#### DATA IN THIS EXERCISE

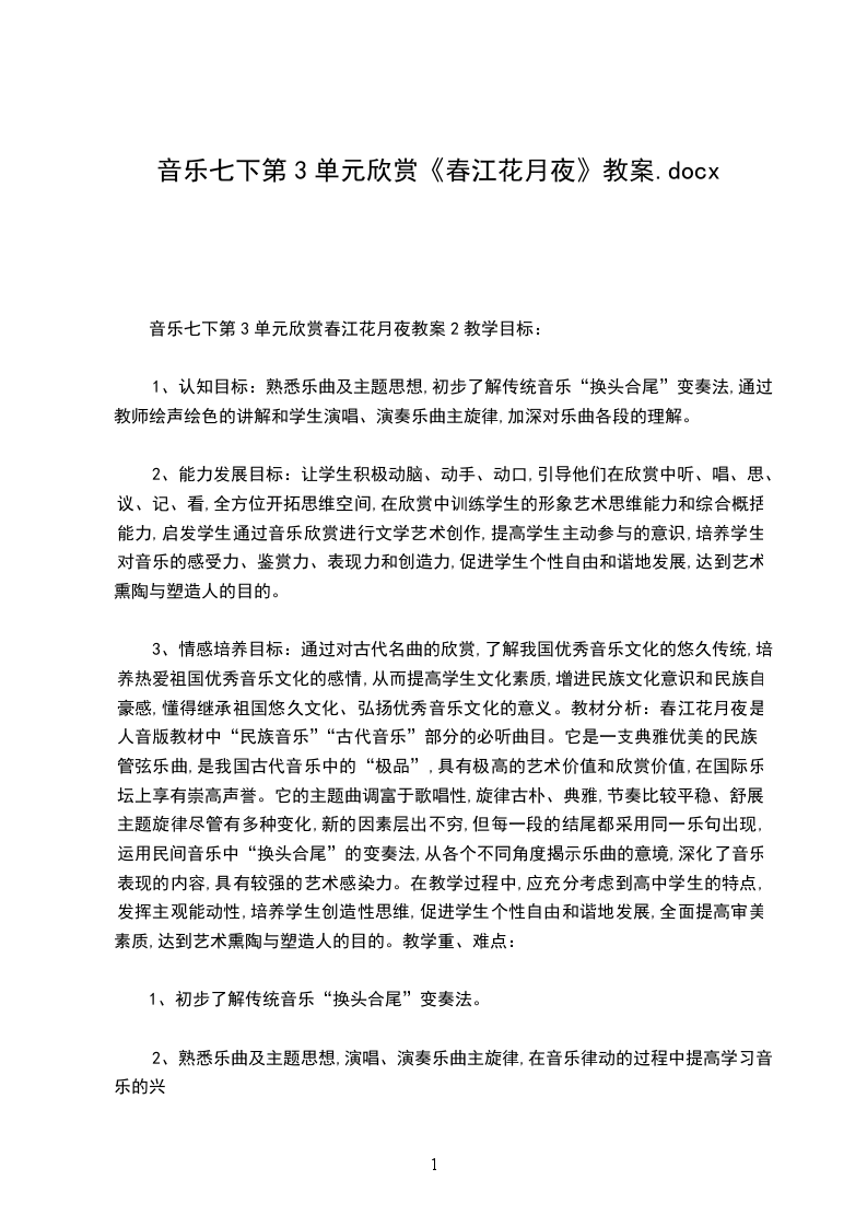 三、重点及难点重点:欣赏苏格兰民间音乐优雅,感受、体验欧洲民间音乐风格特点。难点:初步探究欧洲民间音乐与欧洲艺术音乐的关系。
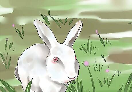 Allow your rabbit access to fresh grass. Fresh grass is good for a rabbit. You can set up a pen outside on your lawn for your rabbit to graze or you can clip grass with a scissors (don't use lawn mower trimmings) and give it to your rabbit to eat. Make sure there has been no chemicals used on the lawn. Fertilizers or herbicides could make your rabbit very ill.
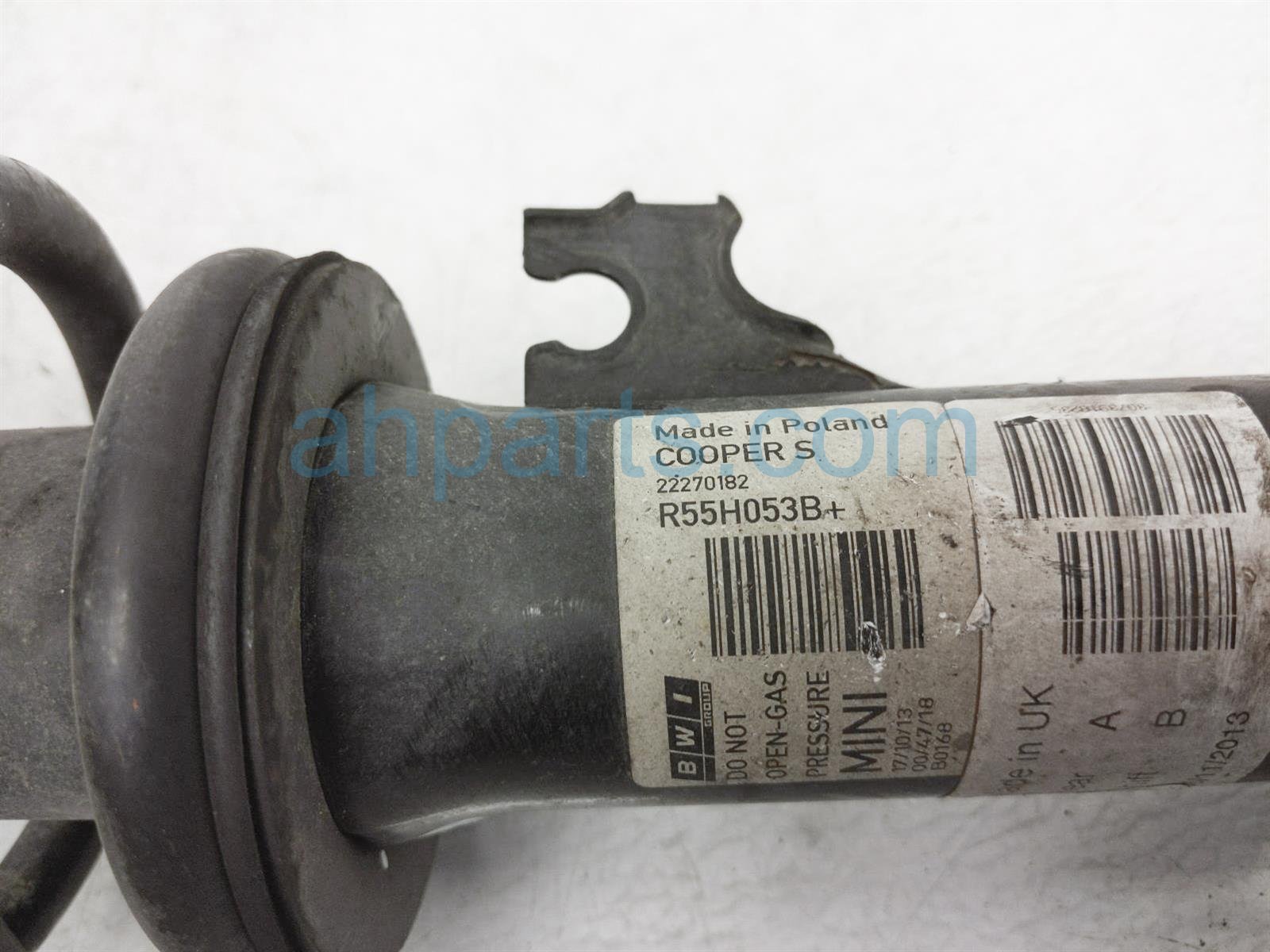 2014 BMW Clubman Minicooper rear passenger strut + spring is a used item with a 1 year warranty. This OEM replacement rear passenger strut + spring is genuine and has part numbers 33-52-6-853-967, 33526853967, 33-53-6-781-176, and 33536781176. This BMW part sells for $60.
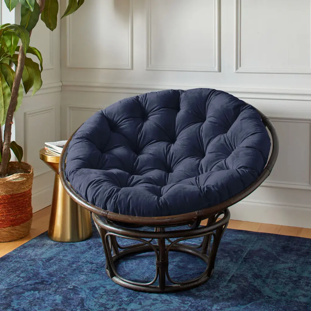 Elevate your indoor space with this versatile blue tufted papasan cushion. Featuring a stunning fabric and a pop of color, this cushion is sure to add comfort and style to any size space. From the living room to the dorm room, this luxurious cushion adds that personal touch you''ve been hunting for. Grab your coffee for a moment of peace, or kick back with a great book in this comfy yet stylish seating. Crafted out of durable fabric in North America, this papasan cushion offers quality you can trust! • Furniture not included• Includes one (1) Papasan Cushion• Papasan cushion cover cannot be removed• Available in a variety of colors to ensure that you find the perfect match for your decor style• The eco-friendly fill is 100% recycled polyester• Spot clean with mild detergent and water when needed• Made in North America•
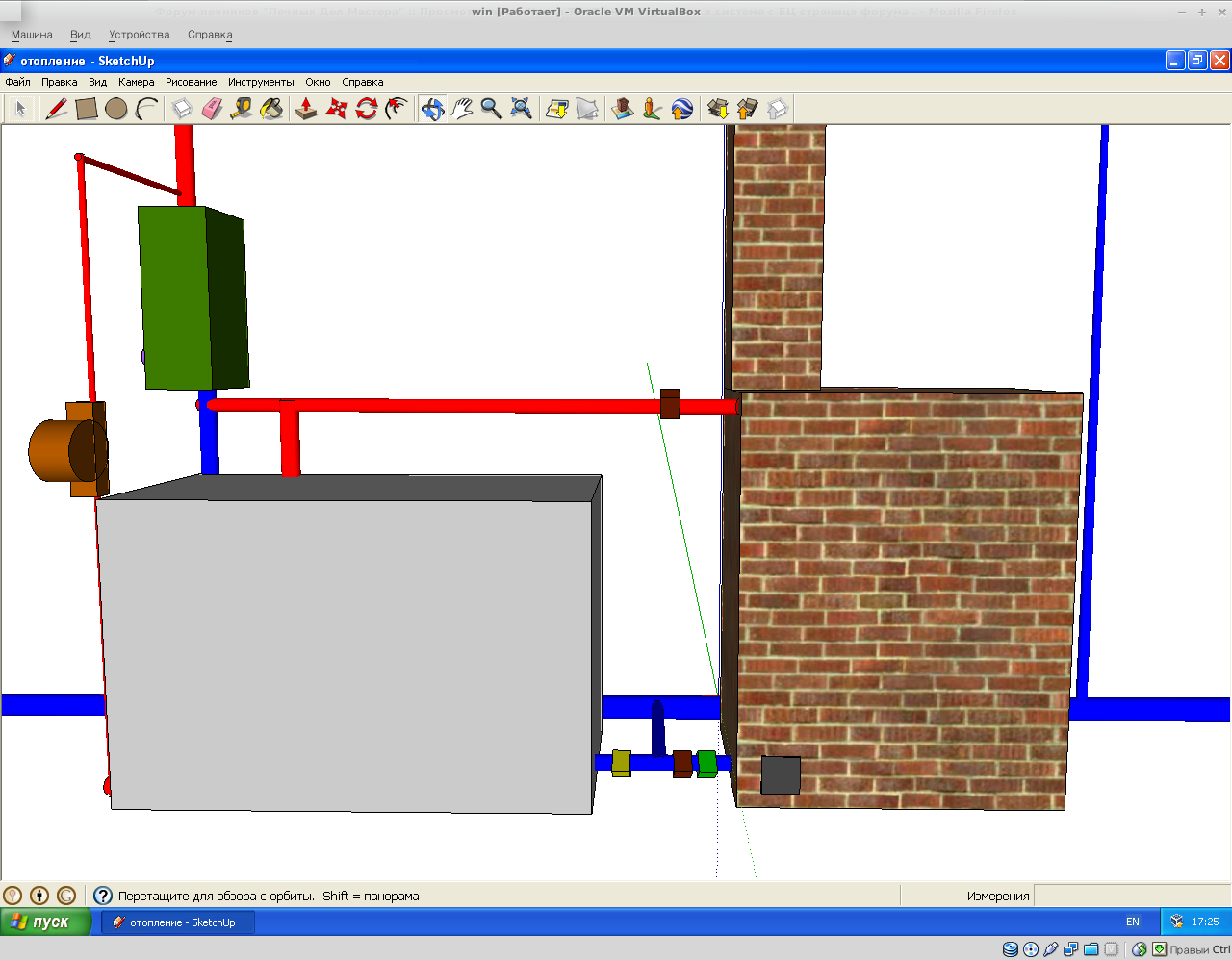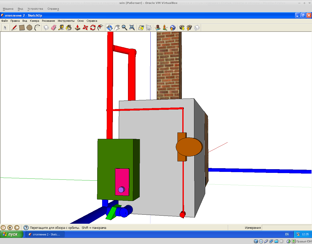Источники тепла: электрокотел (зеленым цветом) и печь-котел (печь котел имеет два вентеля - коричневые ромбы и кран-слив - зеленый ромб).

########

## TASK TO CARRY OUT:
Only the lines from the one holding "2014 BMW Clubman" through the end of the records belong in the answer, copied exactly and without pictures.

## ANSWER TO THE PROBLEM:
 2014 BMW Clubman Minicooper rear passenger strut + spring is a used item with a 1 year warranty. This OEM replacement rear passenger strut + spring is genuine and has part numbers 33-52-6-853-967, 33526853967, 33-53-6-781-176, and 33536781176. This BMW part sells for $60.
 Elevate your indoor space with this versatile blue tufted papasan cushion. Featuring a stunning fabric and a pop of color, this cushion is sure to add comfort and style to any size space. From the living room to the dorm room, this luxurious cushion adds that personal touch you''ve been hunting for. Grab your coffee for a moment of peace, or kick back with a great book in this comfy yet stylish seating. Crafted out of durable fabric in North America, this papasan cushion offers quality you can trust! • Furniture not included• Includes one (1) Papasan Cushion• Papasan cushion cover cannot be removed• Available in a variety of colors to ensure that you find the perfect match for your decor style• The eco-friendly fill is 100% recycled polyester• Spot clean with mild detergent and water when needed• Made in North America•
Источники тепла: электрокотел (зеленым цветом) и печь-котел (печь котел имеет два вентеля - коричневые ромбы и кран-слив - зеленый ромб).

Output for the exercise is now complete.